# Thread: Number of sides of a polygon

1. ## Number of sides of a polygon

$\displaystyle A, B$ and $\displaystyle C$ are three vertices of a polygon as shown above. The reflex angle $\displaystyle ABC =$ $\displaystyle 222^o$ and the size of the remaining exterior angles are equal to $\displaystyle 53^o$ each. Calculate the number of sides this polygon has.

2. Originally Posted by Punch
$\displaystyle A, B$ and $\displaystyle C$ are three vertices of a polygon as shown above. The reflex angle $\displaystyle ABC =$ $\displaystyle 222^o$ and the size of the remaining exterior angles are equal to $\displaystyle 53^o$ each. Calculate the number of sides this polygon has.
Sum of measures of exterior angles of a (simple) polygon is 360 degrees.
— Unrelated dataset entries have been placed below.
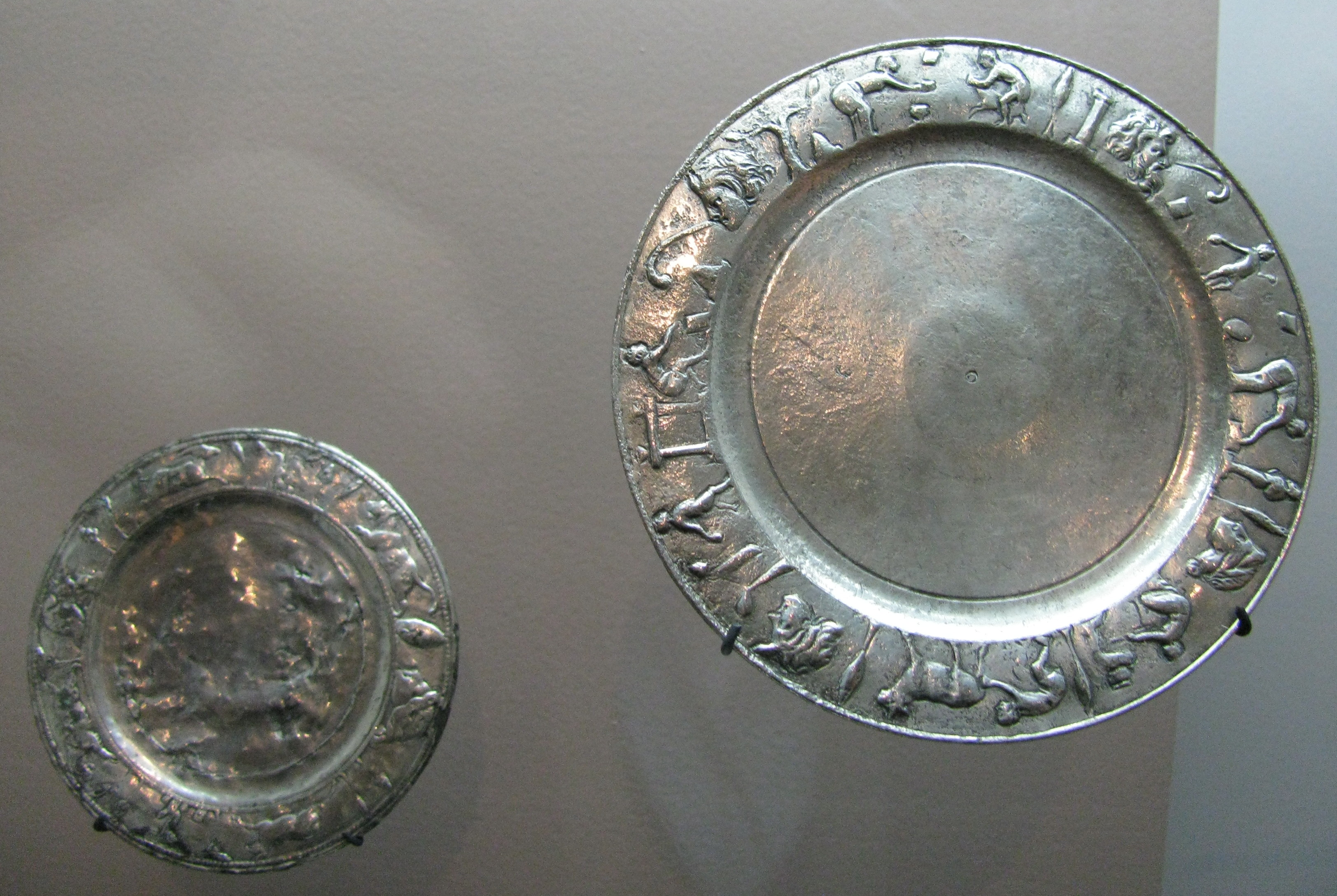 Two small silver plates, part of a treasure found in Vaise district of Lyon - gallo-roman museum of Lyon - France
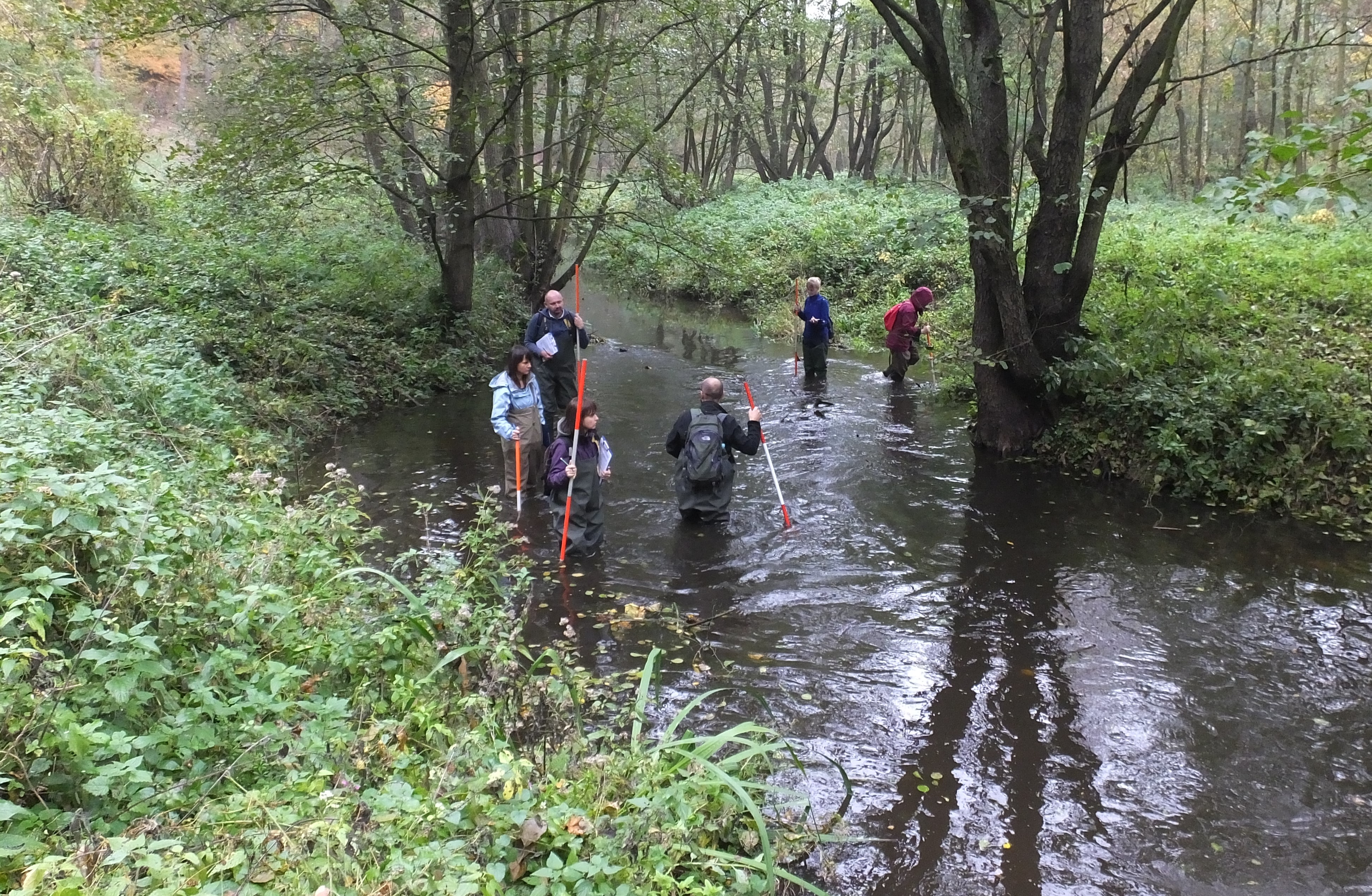 Hydromorphological elements of river water body assessment in line with method based on River Habitat Survey
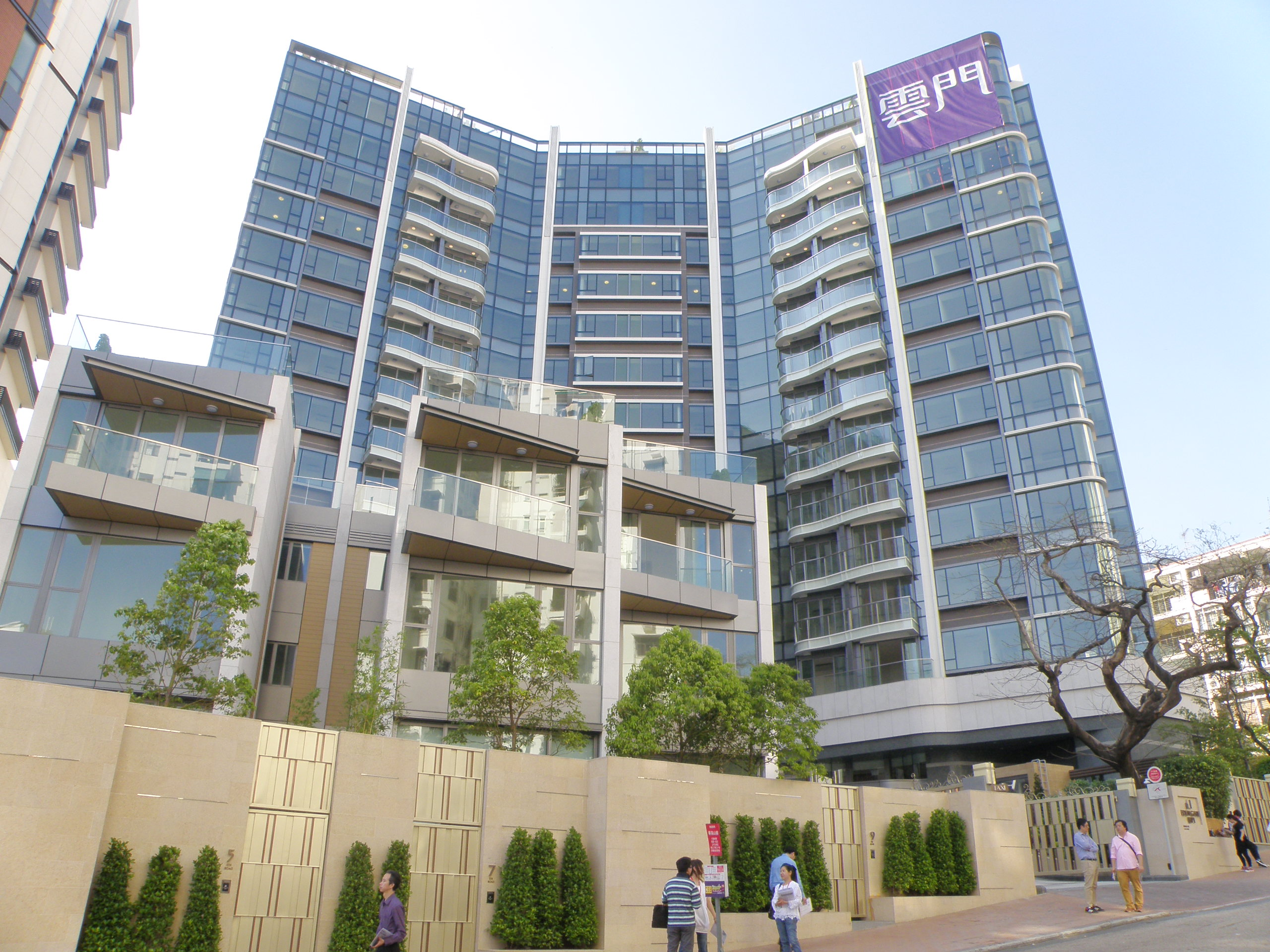 Eden Gate in Kowloon Tong, Hong Kong.

So...

3. note that not all the exterior angles are equal...

360-222=138

360/53 will not work

4. To calculate the total angle of all the interior angles added, we use:

$\displaystyle a=180(n-2)$

a = sum of total internal angles
n = number of sides

Now given the information:
- One internal angle is 138 degrees
- The rest of the internal angles are 127 degrees

Therefore, the total internal angle can be calculated by:

$\displaystyle a = 127(n-1) + 138$

Now use simultaneous equation to solve for n.

5. Originally Posted by Punch
note that not all the exterior angles are equal...
Yes I know.

Originally Posted by Punch
360-222=138
No, exterior angle is 222-180 = 42

Originally Posted by Punch
360/53 will not work
And that's not what I was suggesting.

42 + (n-1)53 = 360. Solve for n.

6. Accidental double post. (I pressed submit once, and then it told me it didn't post because I had to wait 30 seconds between posts, but actually it had posted...)